Wherein the memory control circuit unit is further configured to verify the plurality of data stored in the first physical erase unit,

when the verification fails, the memory control circuit unit is further configured to write other data of the at least one first data of the second physical erase unit and the plurality of data of the first physical erase unit to a third physical erase unit of the plurality of physical erase units using the multi-page programming mode according to the at least one first data of the second physical erase unit and the plurality of data of the first physical erase unit.

16. The memory storage device of claim 15, wherein a probability of a write failure of at least one first physical program cell of the first physical erase cell for storing the at least one first data is higher than a probability of a write failure of other physical program cells of the first physical erase cell.

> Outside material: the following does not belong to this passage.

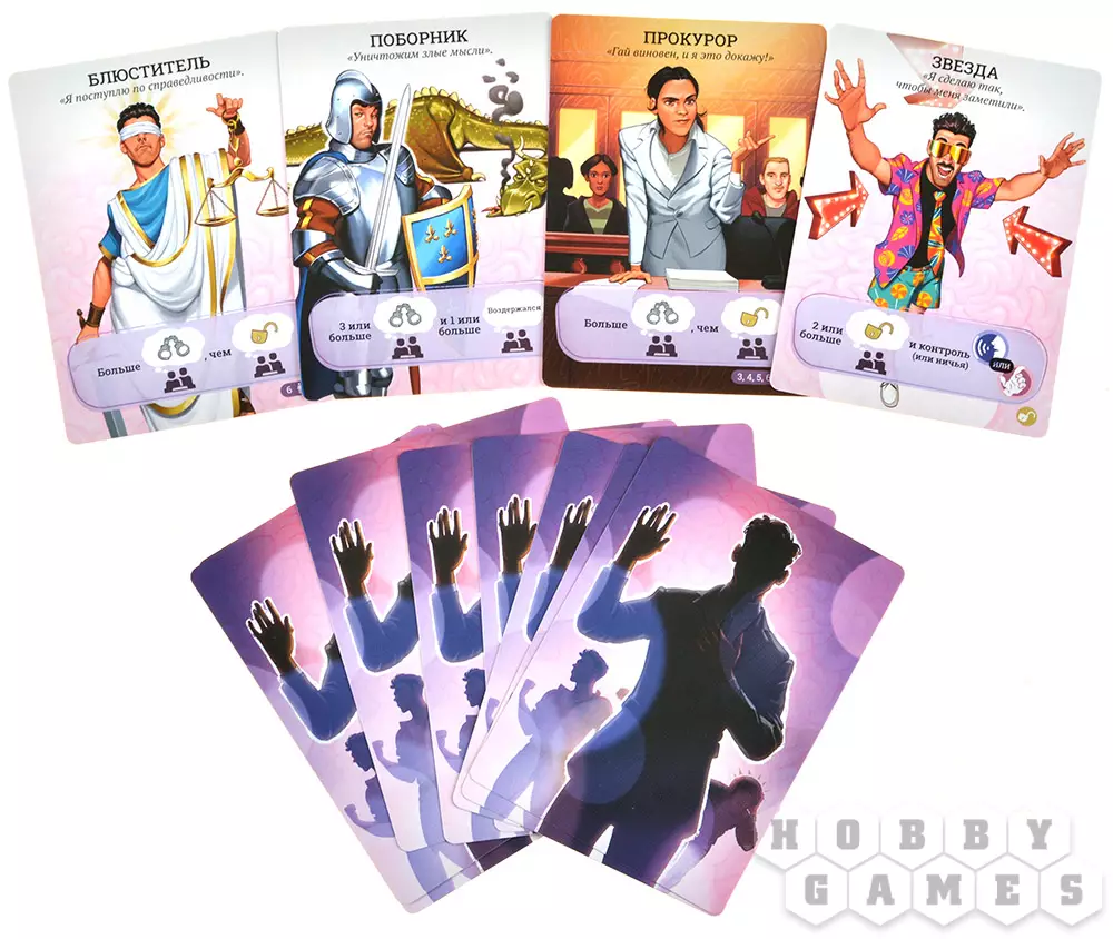Вначале игроки получают карты ролей, в которых содержится цель, которую они должны достигнуть к концу игры, чтобы победить. Победителей может быть несколько, в том числе вместе с прокурором, цель которого всегда неизменна – упрятать Гая Джонсона за решётку.

17. The memory storage device of claim 16, wherein

The memory control circuit unit is also configured to verify data stored in the first physical programming unit,

when there is no uncorrectable bit in the data in the first physical program unit, the memory control circuit unit is further configured to mark at least one second physical program unit for storing the at least one first data in the second physical erase unit as invalid,

When the at least one first data in the first physical program unit has uncorrectable bits, the memory control circuit unit is further configured to write the data in the other physical program units in the first physical erase unit and the data in the at least one second physical program unit in the second physical erase unit into the third physical erase unit using the multi-page program mode.

18. The memory storage device of claim 15, wherein the amount of the at least one first data is thirty percent of the amount of the plurality of data.

19. The memory storage device of claim 16, wherein the rewritable nonvolatile memory module comprises n word lines arranged in sequence, a plurality of memory cells on a same one of the n word lines forming at least one of the plurality of physical programming units, wherein

20. The memory storage device of claim 19, wherein

21. The memory storage device of claim 15, wherein in operation of receiving the plurality of data,

the memory control circuit unit is also used for receiving at least one writing instruction issued by the host system, wherein the writing instruction is used for indicating the writing of the plurality of data to the rewritable nonvolatile memory module,

the memory control circuit unit is also used for temporarily storing the data into a buffer memory.